Zaman geçiyordu. Bizde sabahı bekliyorduk. Özge'nin uyanmasını. Ona ne diyeceğimi bilmiyordum. Sorduğu sorulara nasıl cevap verecektim? En iyisi bunları uyanınca düşünmek.
Buse ve Burak bekleme yerinde uyuyakalmışlardı. Özge'yi görmek istiyordum. Yavaşça odanın kapısını açtım. Yatağın yanındaki sandalyeye oturdum. Saçlarını düzelttim. Elini tuttum.

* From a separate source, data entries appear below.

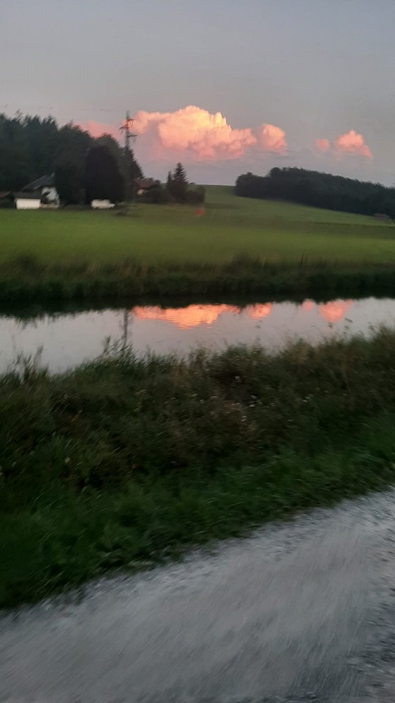 Nach einer kurzen Pause ging es weiter zur zweiten Verpflegungsstelle bei Kilometer 40 in Eurasburg/Beuerberg. Unmerklich wurde es wenigstens etwas kühler, denn die Sonne ging so langsam unter. Auch an der zweiten Verpflegungsstelle angekommen wieder das gleiche Prozedere. Trinkblasen auffüllen, trinken, essen und etwas Pause machen. Leider musste Silke an diesem Punkt aufgrund von starken Schmerzen in Füßen und Rücken den Marsch abbrechen. Die Entscheidung fiel ihr gar nicht leicht und auch wir restlichen Marschierer waren sehr traurig darüber. Aber letztendlich muss man bei so einem Projekt auf jeden Fall auf seinen Körper hören und dann im Zweifelsfall auch die Reißleine ziehen...
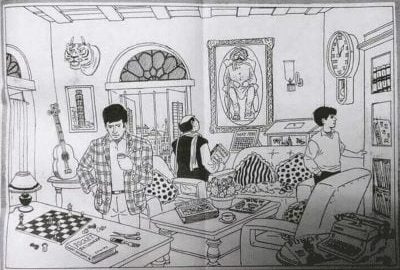 5. Den yngste personen på bildet er gutten til høyre. Han ser på bøker. Men hvis du ser på skjorten hans, vil du legge merke til at han har et langt erme på den ene siden og et trekvart erme på den andre siden.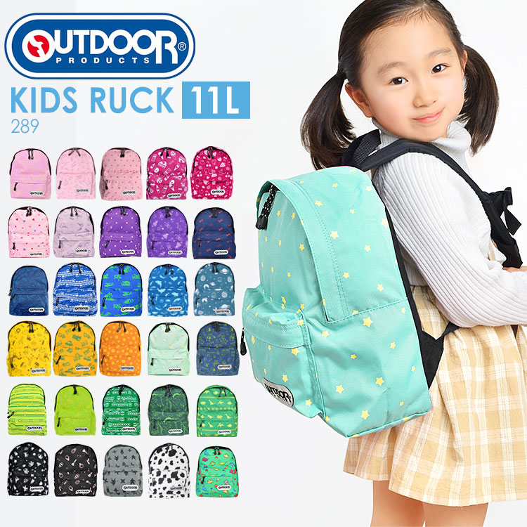 リュック キッズ OUTDOOR PRODUCTS アウトドアプロダクツ 女の子 男の子 小学生 幼稚園 保育園 289 11L ハーネス付き 軽量 キッズリュック リュックサック ブランド 子供 通園 通学 遠足 学童 低学年 カラフル 電車 柄 黒 星 ピンク ジュニア かわいい おしゃれ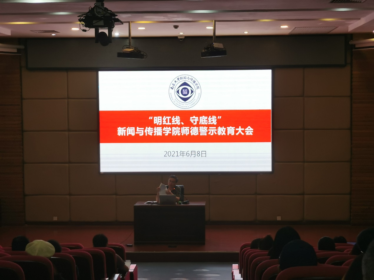 2021年6月8日,新传学院在人文楼A143开展“明红线、守底线”师德警示教育大会。会议由陈信凌院长主持,新传全体教师参与此次师德警示教育大会。陈信凌院长强调,教师要守住纪律底线,不碰法律红线,时时处处严格要求自己。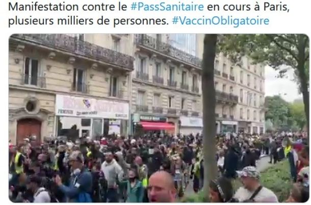 PARIGI – Due giorni prima che il pass vaccinale francese (il corrispettivo del super green pass) entri in vigore, decine di migliaia di no-green-pass hanno marciato per le strade di diverse città della Francia, chiedendo libertà e inveendo contro l’apartheid a loro dire imposta dal governo tra vaccinati e non vaccinati.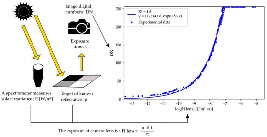 Figure 1. Method to build a camera response curve linking the image digital numbers and the exposure at camera lens. The curve used as example is the response curve of the 490 nm camera.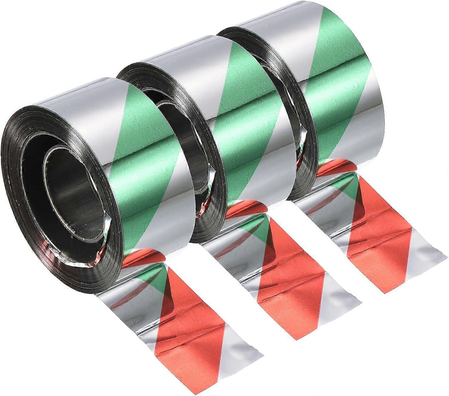Bird Reflective Scare Tape, 3 Pack 164ft x 0.9" PET Double Sided Repelling Ribbon Keep Away Bird for Garden Farm Home, Red Green Silver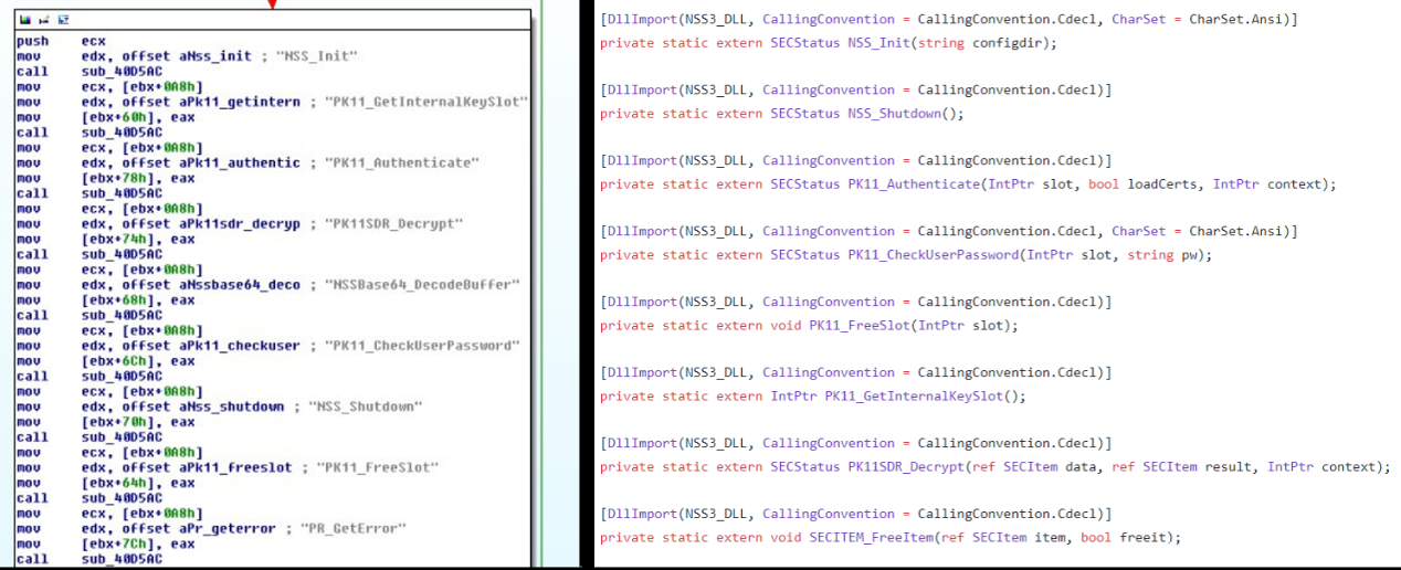 此外,僵尸程序能够解密Firefox浏览器存储的所有凭据。这些敏感数据使用Mozilla网络安全服务的PK11加密进行保护,因此恶意软件中会有必要的解密函数
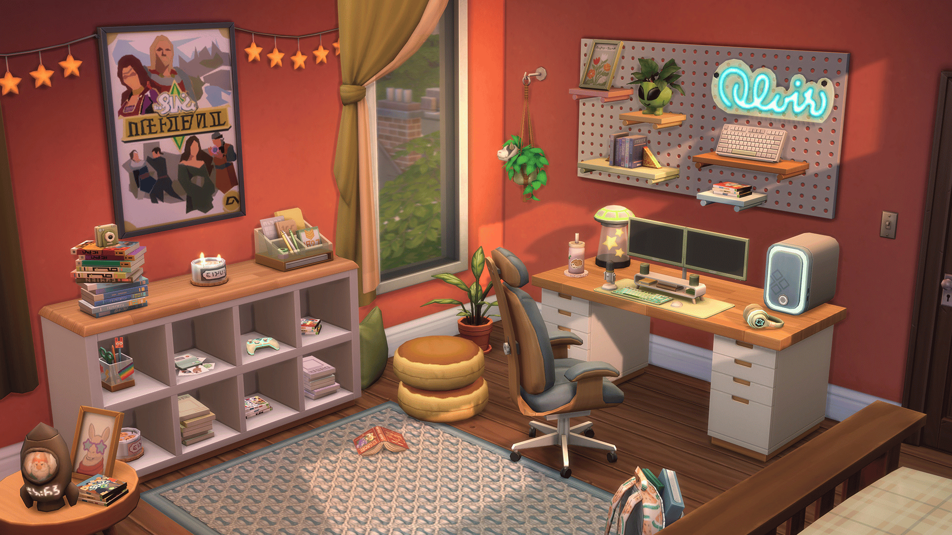 Settle in for a cozy time at the computer with The Sims 4 Comfy Gamer Kit*. With this collection you’ll craft warm, inviting spaces that feel personal with a large desk, playful clutter items, and of course a comfy gaming chair. This kit was created in collaboration with Lilsimsie to be fun and relaxing with subtle references to The Sims.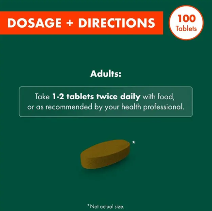 Adults: Take 1–2 tablets twice daily with food, or as recommended by your healthcare professional.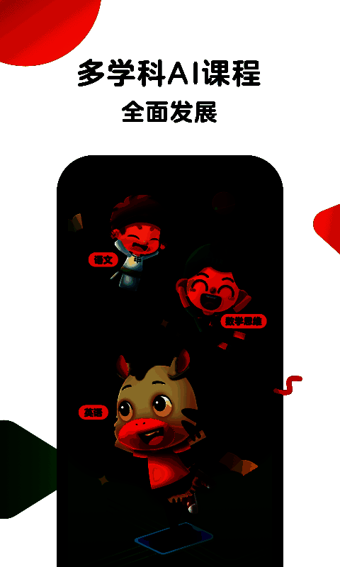 3、目前拥有英语、数学思维、语文等多学科的AI课程产品,为孩子提供成熟的学习系统。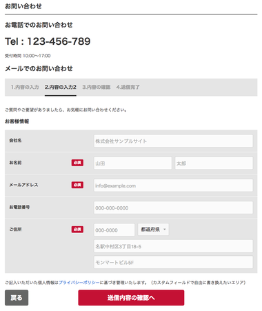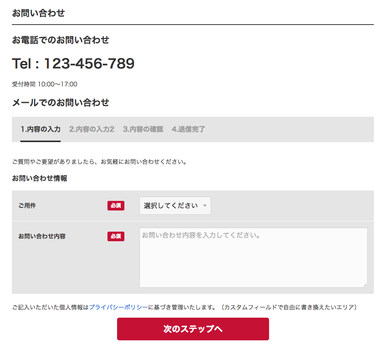 さらに「送信内容の確認へ」ボタンのvalue属性を「次のステップへ」に変更します。必須項目を入力をし、「次のステップへ」ボタンをクリックすると、step#2ブロックで表示されるはずのお客様情報のフォームへ移動するはずです。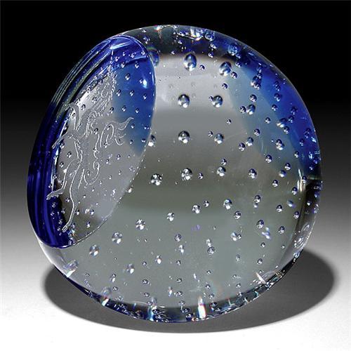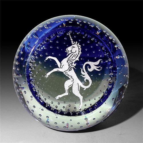 Caithness Glass 1997 "Silver Unicorn" paperweight. The piece has a silver unicorn engraved on the circular front facet, and a sphere of tiny spaced bubbles on the interior. Cobalt blue-flash background. Signed. Edition # 41 of a limited edition of 500. Designed by Colin Terris. Diameter 3 1/8". <p>Each winning bidder will receive one copy of "All About Paperweigths" and a paperweight stand for each paperweight won. (One book per winner, one stand per paperweight).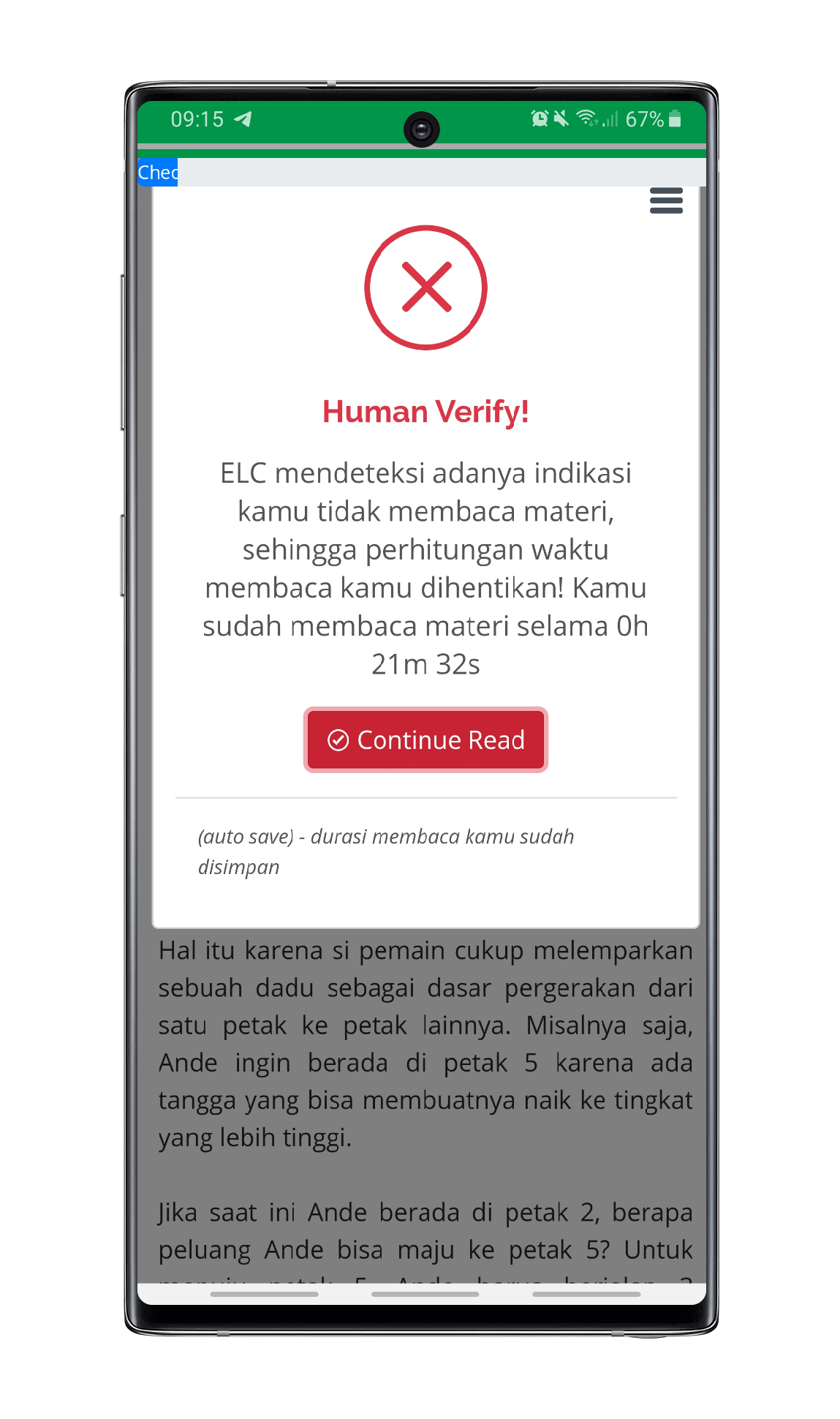 Lembar tugas membaca materi akan membantu guru melakukan pengawasan dengan ketat kepada tiap siswa yang melaksanakan tugas ini dan memastikan semaksimal mungkin siswa membaca dengan cara (membaca interasksi siswa terhadap lembar tugas, menghitung tiap detik apa yang siswa baca, memprediksi siswa meninggalkan lembar tugas dan mencatat berapa lama siswa membaca)

"Özür dilerim. Bunları sana söylememem gerekti ama ya bizden öğrenecektin. Ya da başkasından. Bu oyunu kim oynuyorsa hiç iyi olmayacak. Onu bulacağım.Berk'e kızma ilk başta oyun olsa da onun aşık olduğunu biliyorum. Fotoğraflarda bakışlarından , seni anlatırken sesindeki heyecandan... Biliyor musun? Bir gün beni aradı ve durup dururken bana bir şey olursa Özge sana emanet dedi. Ona çok kızmıştım. Ama hissetmiş bir şey olacağını. Merak etme seni koruyacağım. Kimsenin zarar vermesine izin vermem. Kardeşime söz verdim." onu izlemek huzur veriyordu. O kadar kırılgan ve masum duruyor ki...
Yorulmuştum bugün en son hatırladığım uykudan gözlerimin kapanması.